**TASK INPUT:**
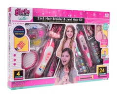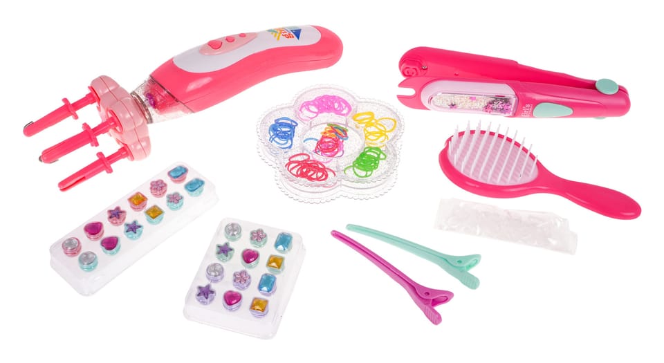 | - maszynka do zaplatania włosów,- maszynka do aplikacji biżuterii na włosach,- 2 x spinka do włosów,- 24 x biżuteria na włosy (diamenciki),- 24 x spinka do biżuterii do włosów,- szczotka do włosów,- 64 gumki do włosów w pudełeczku z przegródkami,- instrukcja. |
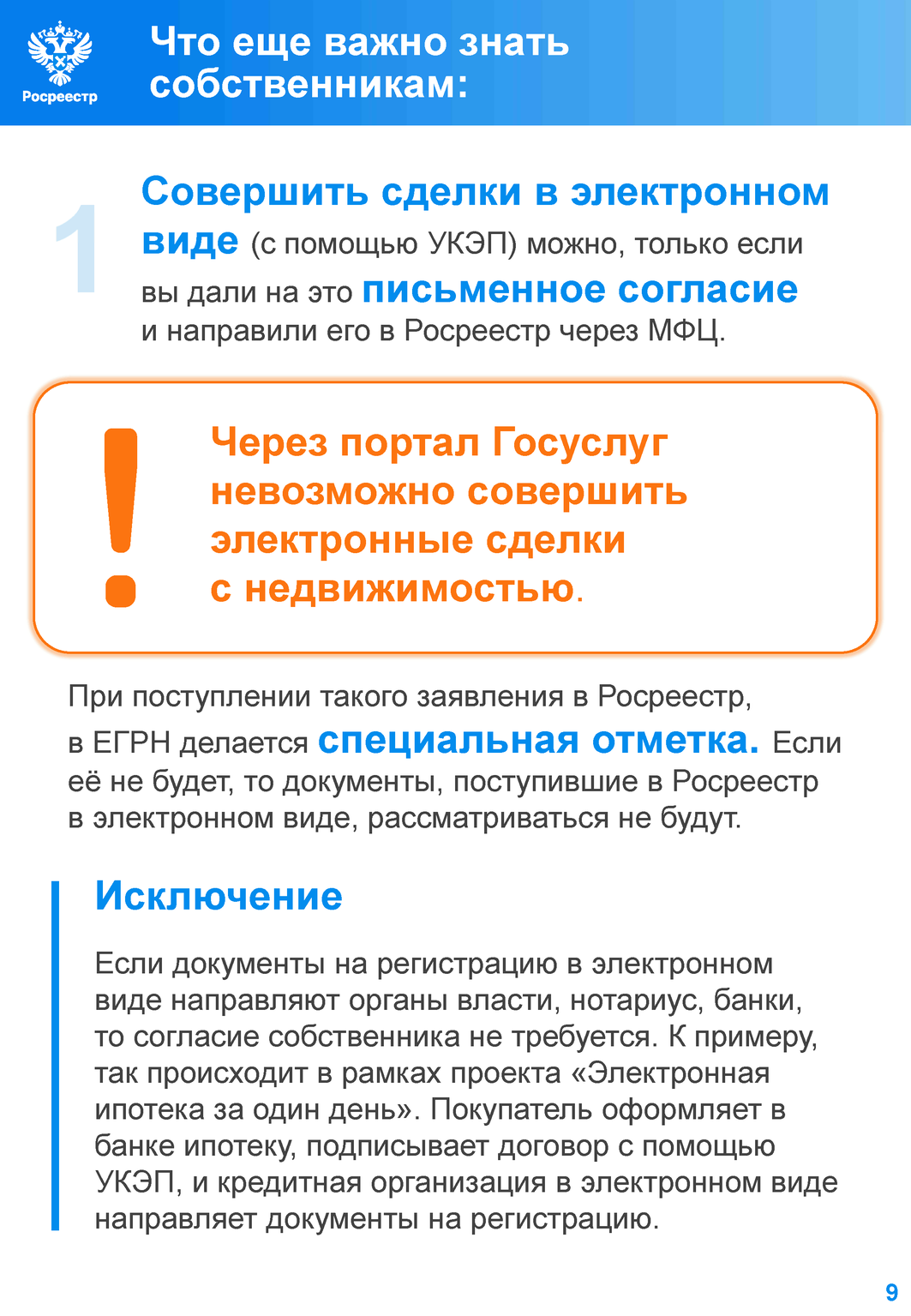 1. Совершить сделки в электронном виде (с помощью УКЭП) можно, только если вы дали на это письменное согласие и направили его в Росреестр через МФЦ. При поступлении такого заявления в ЕГРН делается специальная отметка. Если её не будет, поступившие электронные документы рассматриваться не будут.
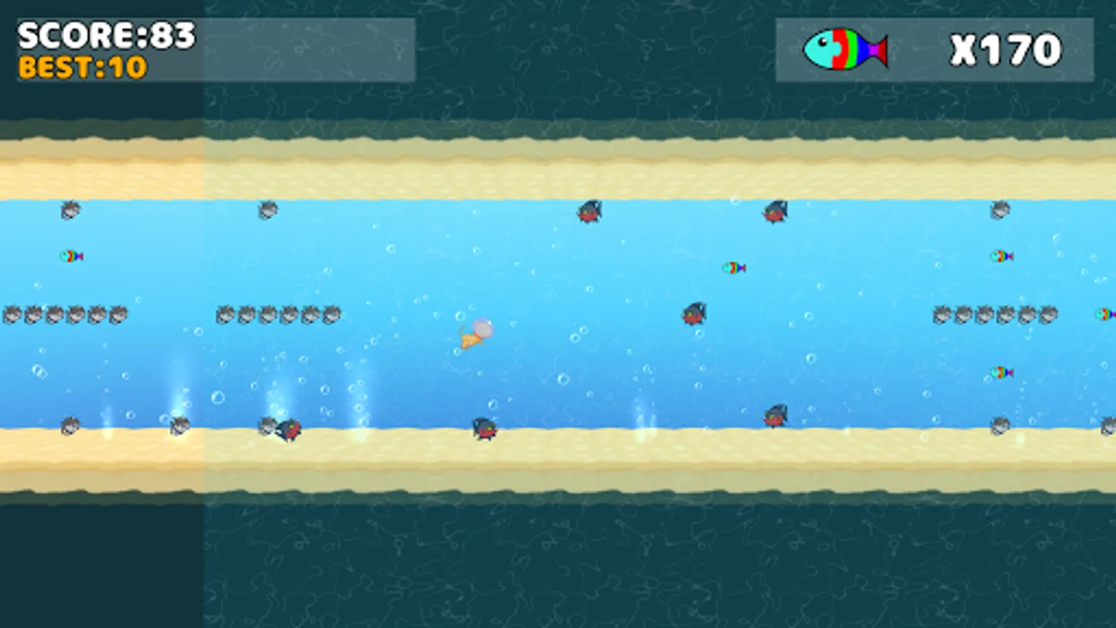 -Tap the screen to swim the cat in the water
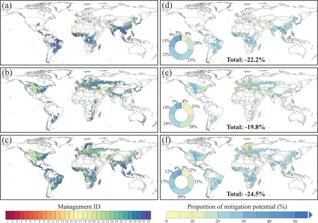 空间优化养分管理的减排潜力:空间优化的养分管理策略(即每个网格单元选择最适合其条件的组合)能够在不改变总氮肥投入的情况下,将全球氮径流减少0.52 Tg N yr⁻¹,相当于当前排放总量的22.2%。优化策略呈现出强烈的空间异质性:增效肥料-深施-一次施用-秸秆还田的组合在水稻和玉米的优化网格中占比最高(35%-36%);而对于小麦,该组合与“有机肥-深施-一次施用-秸秆还田”的组合并重。从具体措施来看,增效肥料和有机肥在超过99%的旱地作物网格中被选为最优;秸秆还田和深施在超过80%的网格中被优先选择;而一次施肥则比多次施用更普遍。减排潜力主要分布在亚洲、北美和欧洲,其中玉米的减排潜力最大(0.22 Tg N yr⁻¹)。
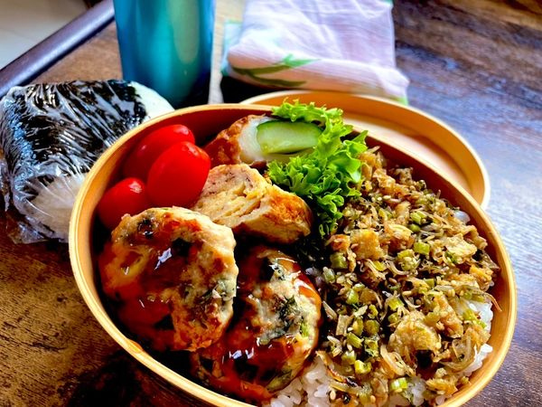 これは旦那用なんですが、朝のおにぎりとお弁当(ジャコとカブ菜の生ふりかけ、つくね、たまごやき、ちくわきゅーり)
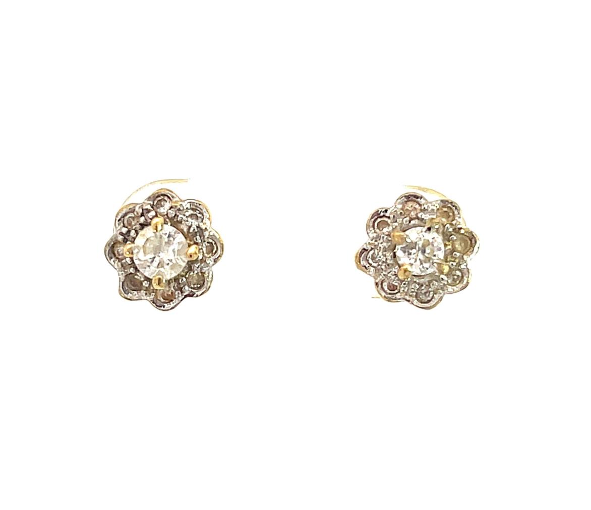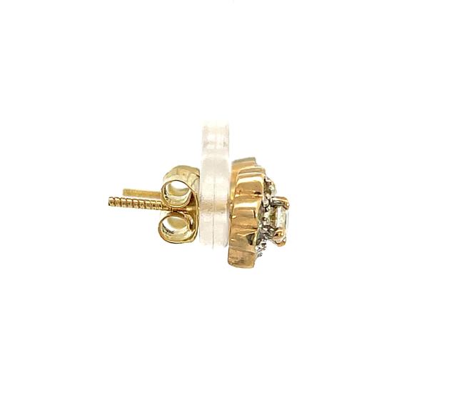 Zlaté náušnice o ryzosti 585/1000, punc labuť. Váha 2,34 g, průměr ozdoby 8 mm.
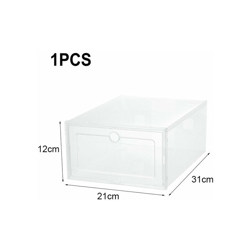 Dimensioni: 31*21*12 centimetri/33*23*14 centimetri Colore: Bianco Materiale: PP Il pacchetto include: Scatola per scarpe 1/6 x Caratteristiche: ** Applicazione: Adatto per riporre scarpe fino alla taglia 40 (non consigliato per sneaker) /adatto per riporre scarpe fino alla taglia 44 (non consigliato per scarpe alte) ** Pratico e conveniente: Mantieni le tue scarpe senza polvere e ben organizzato con un contenitore per scarpe impilabile ** Design frontale trasparente: Il design frontale trasparente ti consente di trovare le scarpe immediatamente senza apertura, la porta d'ingresso può facilmente aprire afferrare e andare. ** Impilabile: Design impilabile per aiutare a migliorare il tuo spazio ** Traspirante: La ventilazione garantisce la circolazione dell'aria e la prevenzione degli odori, i contenitori per scarpe traspiranti sono freschi ** Facile da usare: Con design a chiusura a scatto, puoi mettere insieme la scatola di immagazzinaggio delle scarpe ** Ampiamente utilizzato: Ideale
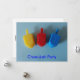 (utvalda produkter från många)en söt väska med 3 draperier på blå bakgrund och ord Lycklig chanukah skrivet ut i skript.
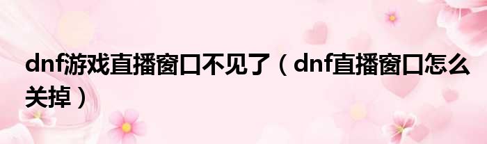 dnf游戏直播窗口不见了(dnf直播窗口怎么关掉)

**ABOUT THIS EXERCISE:**
Leave out the pictures, and please output only the lines from the line that contains "(utvalda produkter från" through the end of the data, both ends included.

**COMPLETED TASK:**
 (utvalda produkter från många)en söt väska med 3 draperier på blå bakgrund och ord Lycklig chanukah skrivet ut i skript.
 dnf游戏直播窗口不见了(dnf直播窗口怎么关掉)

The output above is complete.